Cloudy With a Chance of Outages: Amazon Web Service Disruptions Continue

  • Share
  • Read Later

Another day, another staggering mess for Amazon’s cloud-based web service, on the fritz since yesterday and causing chaos for sites like Foursquare, Hootsuite, Quora, and Reddit. As of this post, it looks like Reddit’s partly back, as is Box Office Mojo, but determining who’s up or not (or by how much) is like picking through a haystack.

We’re seeing a bit of the fallout ourselves here at Techland: Our activity-tracking service says it’s “still recovering from ongoing issues with Amazon Web Services” and that we might be missing historical data. Not a huge deal at the moment, but an indication of just how wide-reaching the outage is.

Unlike Sony, whose PlayStation Network has been down since Wednesday evening (the two events are unrelated), Amazon’s actually tried to explain in some detail what went haywire yesterday, and why.
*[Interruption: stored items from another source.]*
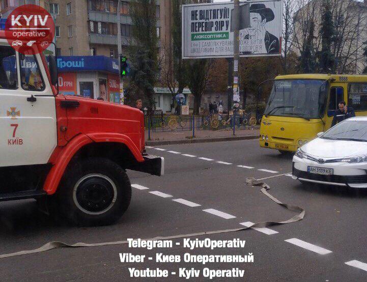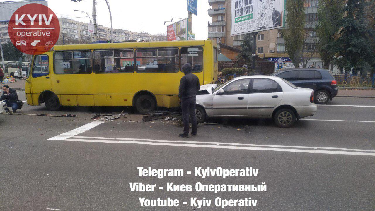 11 ноября в столице на перекрестке улицы Вышгородской с проспектом Правды произошло ДТП с участием маршрутки и легкового автомобиля.
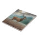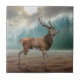 Lone Deer In Misty Forest Ceramic Tile
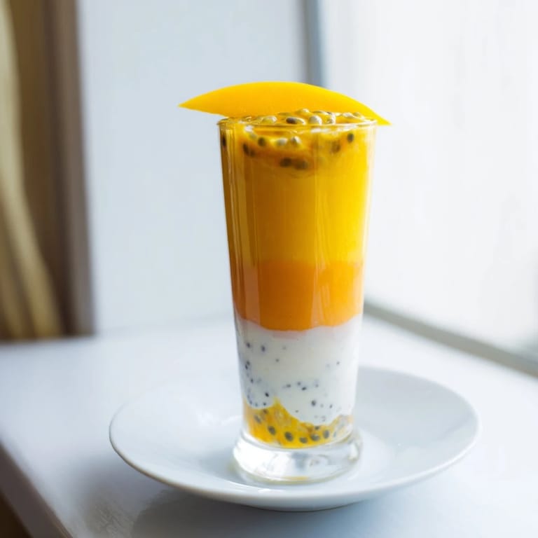 - Ein dünner Mangoscheibe oder ein Minzblatt oben drauf macht es perfekt, und der Trick ist zu servieren, sobald die Schichten sichtbar sind – je länger du wartest, desto mehr vermischen sie sich sanft miteinander.
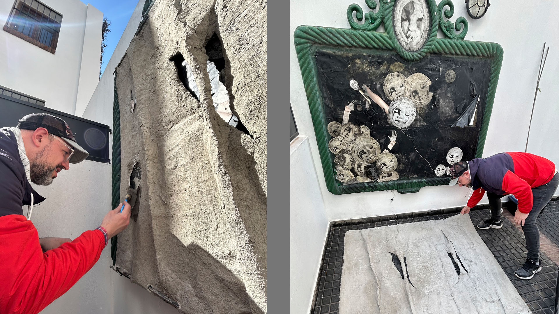 En el marco del Proyecto Carapantallas, inauguramos el 27 de agosto la intervención de Cristián Battista, artista visual y arquitecto argentino. En esta ocasión, Cristian intervino uno de los dos carapantallas con un lienzo pintado de cemento, alambres de construcción y tajos que dejaban entrever la intervención que se encuentra debajo, realizada anteriormente por Cecilia Mandrile. El trabajo de Cristian Battista explora el concepto de habitar desde lo cotidiano, lo lúdico y lo absurdo utilizando materiales reciclados o reutilizados, desplazándolos de su función original para generar nuevos sentidos en diálogo con la ciudad. En este sentido, su intervención en el Proyecto Carapantallas destacó la dimensión urbana de estos dispositivos de comunicación pública tradicionales de la Ciudad de Buenos Aires. Con un enfoque crítico y poético, Cristian investigó cómo el entorno urbano, sus ritmos y materiales moldean nuestra relación con el espacio, con lxs otrxs y con nosotrxs mismxs.

According to Amazon, “a networking event” in its North Virginia data center caused a bunch of servers to start redundantly backing things up, chewed through server space, and, well, you can imagine what happened next. Not that you need to if you’re one of the afflicted. Sites are coming back online, but it’s hit and miss.
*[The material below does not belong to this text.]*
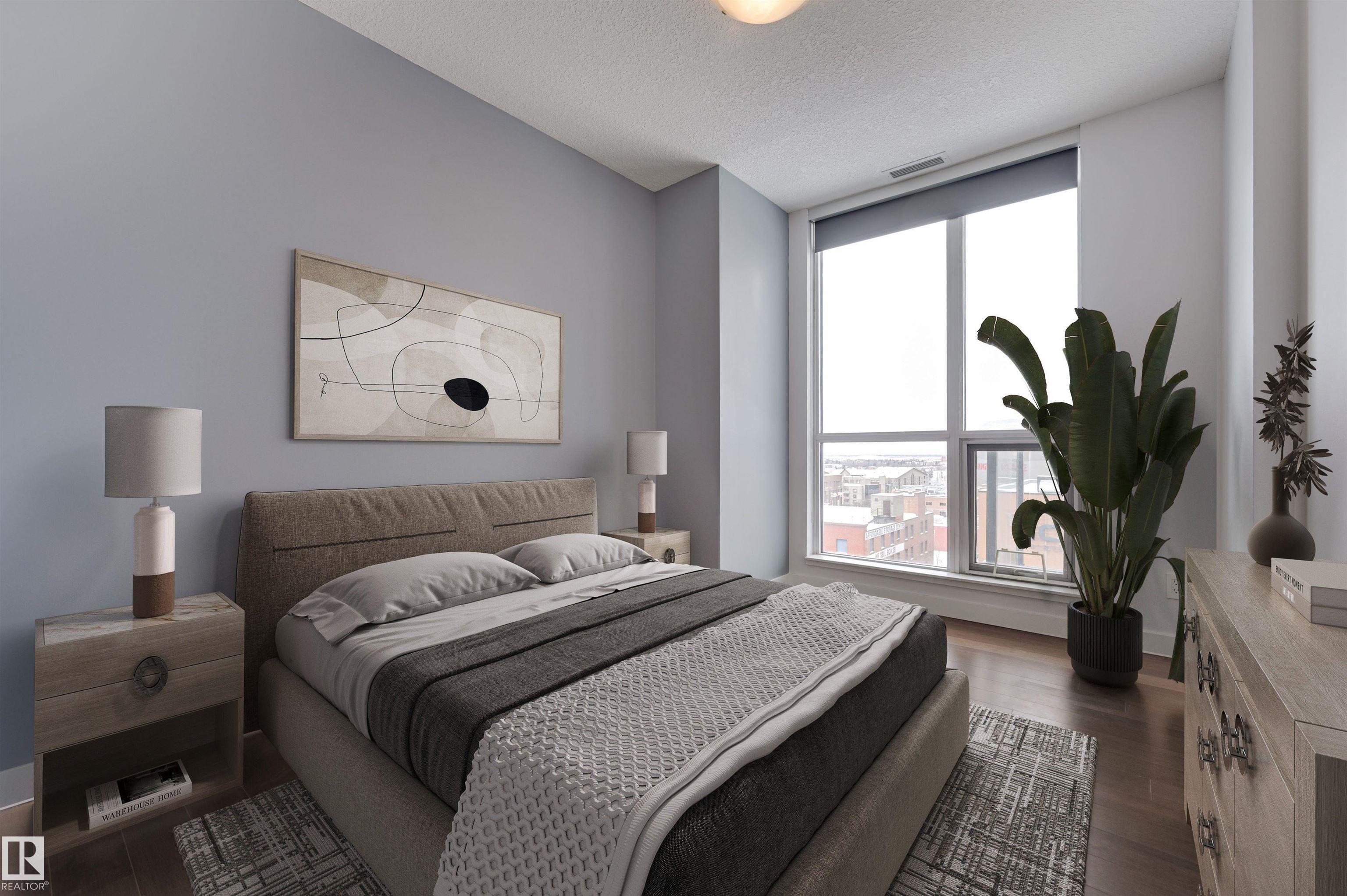 Live above it all in this stunning high-rise condo offering breathtaking city and downtown views from nearly every room. This beautifully designed 2 bedroom, 2 bathroom, 2 titled, side-by-side heated underground parking stall unit features a bright, open-concept layout with floor-to-ceiling windows that flood the space with natural light. The modern kitchen is finished with quartz counters, contemporary cabinetry, & stainless steel appliances, flowing seamlessly into the generous living and dining areas finished with hardwood. The spacious primary suite includes a walk-through closet & a private 3pc ensuite, while the second bedroom is perfect for guests or a home office. Enjoy your morning coffee from the private balcony with panoramic views. Additional comforts include in-suite laundry & A/C. Enjoy luxury building amenities including a concierge, fitness centre, hot tub, rooftop patio, kitchen, social rooms & more. Steps to dining, shops, cafes, & transit. Some photos are virtually staged.

And it’s not just bad news for customers: The egg on Amazon’s face is staggering. Amazon touted its service as fully redundant, claiming it was isolating servers in different “availability” zones, meaning an outage in one wouldn’t impact another. So much for that claim, or the notion that with AWS, customers could fire and forget.

According to FathomDB‘s Justin Santa Barbara (via SFGate) it’s Amazon’s fault for not following its own rules: “Whether that happened through incompetence or dishonesty or something a lot more forgivable entirely, we simply don’t know at this point.”

Welcome to your “cloud”-based future, where handing control of your services to external providers (like Amazon) remains a risky proposition. The lesson here isn’t that cloud computing doesn’t work–it does, and events like this only ensure it’ll get better–but that cloud-computing clients still need disaster recovery plans in the event error, incompetence, or fate kick the legs out from under the table.